Article Text
Abstract
Background The decision published from the Court of Appeal of England and Wales in 2014 in the case of Tracey vs Cambridge University Hospital ( ‘the Tracey judgement’) changed the requirements for discussing Do Not Attempt Cardiopulmonary Resuscitation (DNACPR) decisions with patients.
Methods A retrospective case note review aiming to identify changes in practice when discussing DNACPR decisions following the Tracey judgement. 150 case notes from 2013 (before the Tracey judgement) were compared with 150 case notes from 2015 (following the Tracey judgement) at five hospices in the West Midlands. The notes were analysed to identify whether the judgement had resulted in a change in how frequently DNACPR decisions were discussed with patients or their families, as well as any changes in the rationale for not discussing such decisions.
Results Discussions with patients increased from 31% to 60% and with relatives from 29% to 59%. The most common reason that DNACPR decisions were not discussed with patients or relatives changed from a belief that these discussions would cause distress in 2013 (23%) to the patient lacking capacity to engage in such discussions in 2015 (40%).
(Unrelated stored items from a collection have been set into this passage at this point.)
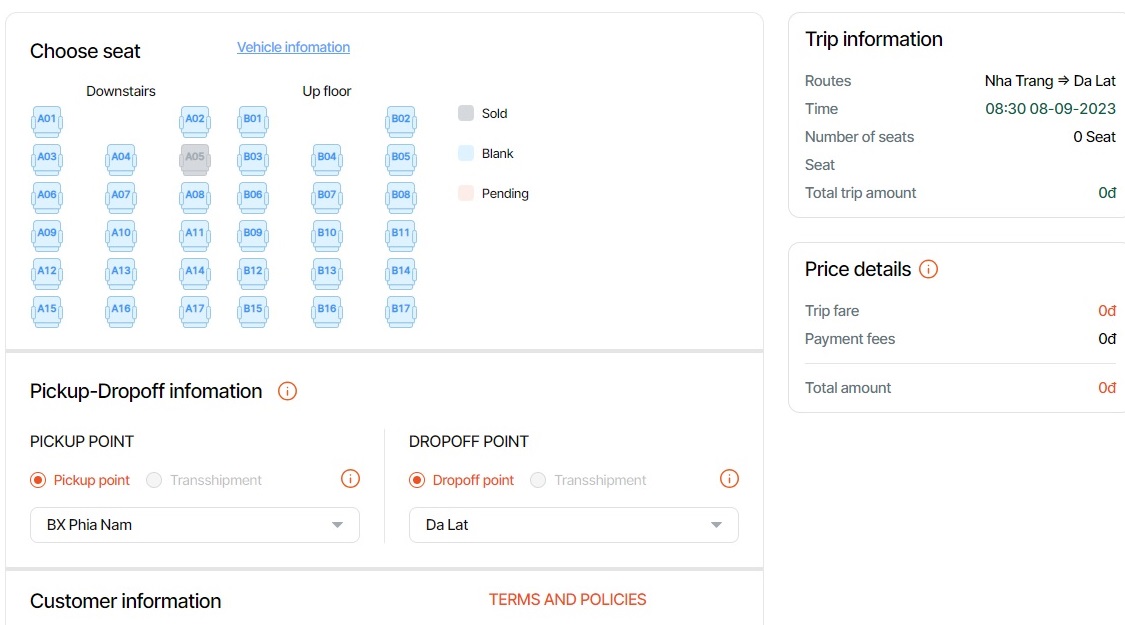 After selecting the departure time, the website would direct me to seat selection. This route is run by sleeper buses in a double deck configuration.
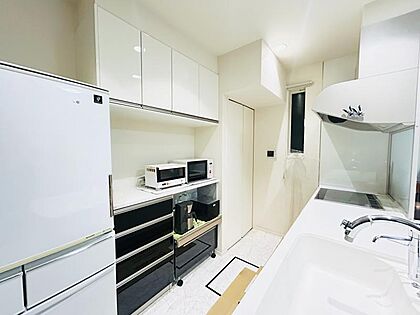 キッチン自体にも収納がありますが、カップボードがあるので収納力はバッチリ!プラスアルファの収納があると嬉しいですね♪
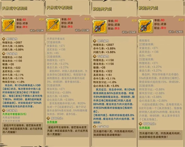 劍士60武器天界套圣光屬性傷害加成,而火劍士不用說(shuō)就是火屬性傷害加成了。
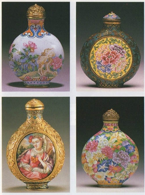 Theo Trương Vinh, số lượng bình ngửi pháp lam còn giữ trong Cố Cung Bác Vật Viện (Bắc Kinh & Đài Bắc) rất đa dạng, dùng pha lê làm lõi, ngoài hình tròn ra còn hình tám cạnh, hình trụ, hình vuông, hồ lô, đèn lồng … đủ loại. Hình vẽ trên đó cũng cực kỳ phong phú và tinh vi.
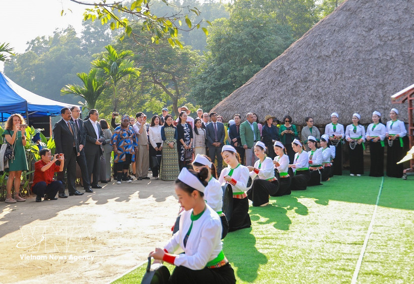 越南各民族文化旅游村的芒族同胞向游客推介本民族文化特色。图自越通社
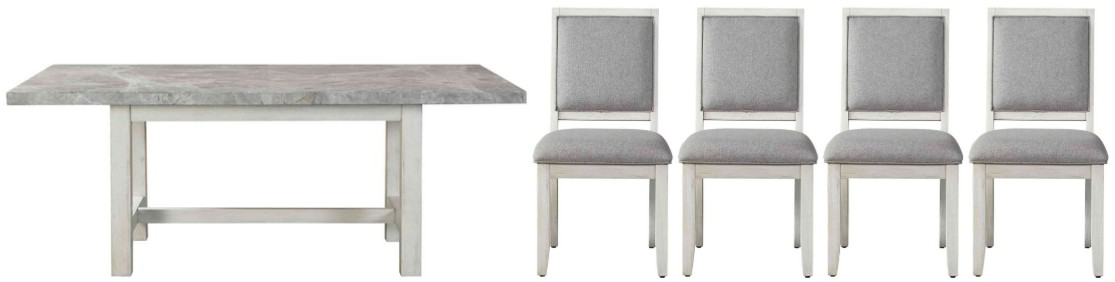 Clean lines and simple sophistication are the hallmarks of the Canova gray marble dining set. A cathedral white wood finish pairs with gray marble tops to create a rustic yet elegant design that is beautiful in classic, contemporary or farmhouse setting. Gray velvet chairs are easy-to-clean and add comfort to the dining collection.Read More
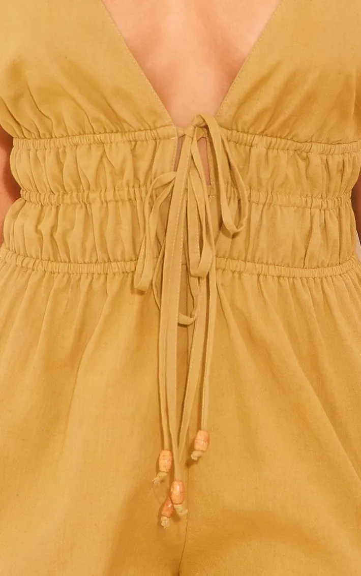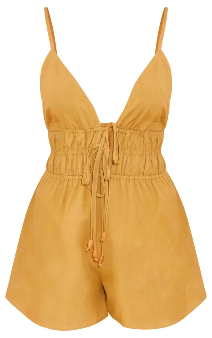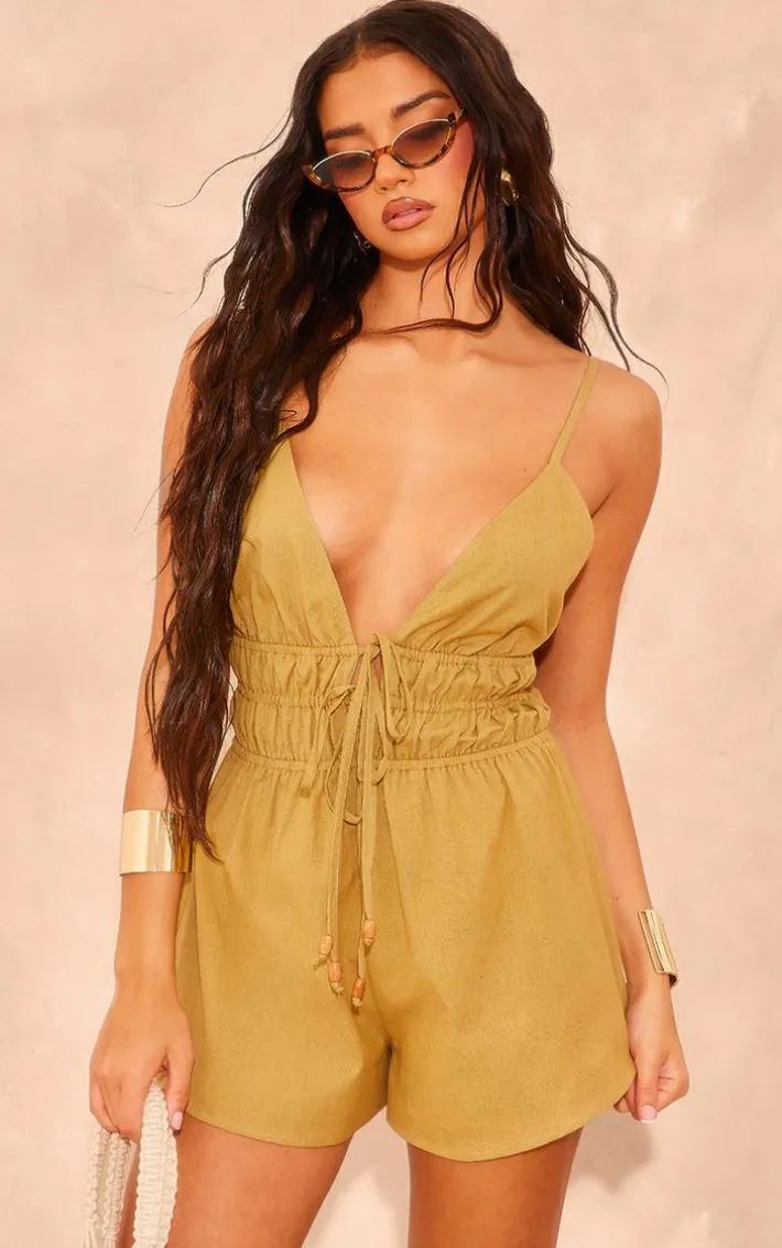Your wardrobe is calling out for an update, and we are obsessing over this khaki linen look halter neck strappy romper. Brought to you in a khaki linen look material with a halter neck design, what more could you want? this strappy romper is the perfect addition to your collection. Team with a pair of sandals and a statement bag for a look like no other.

There was a lack of consistency and clarity in defining the concept of ‘physical or psychological harm’ following the Tracey judgement.
Conclusion Healthcare professionals specialising in palliative care in the region and time frame studied are discussing DNACPR decisions more frequently with patients and families following the Tracey judgement but clarity on what constitutes ‘physical or psychological harm’ caused by these discussions is still required.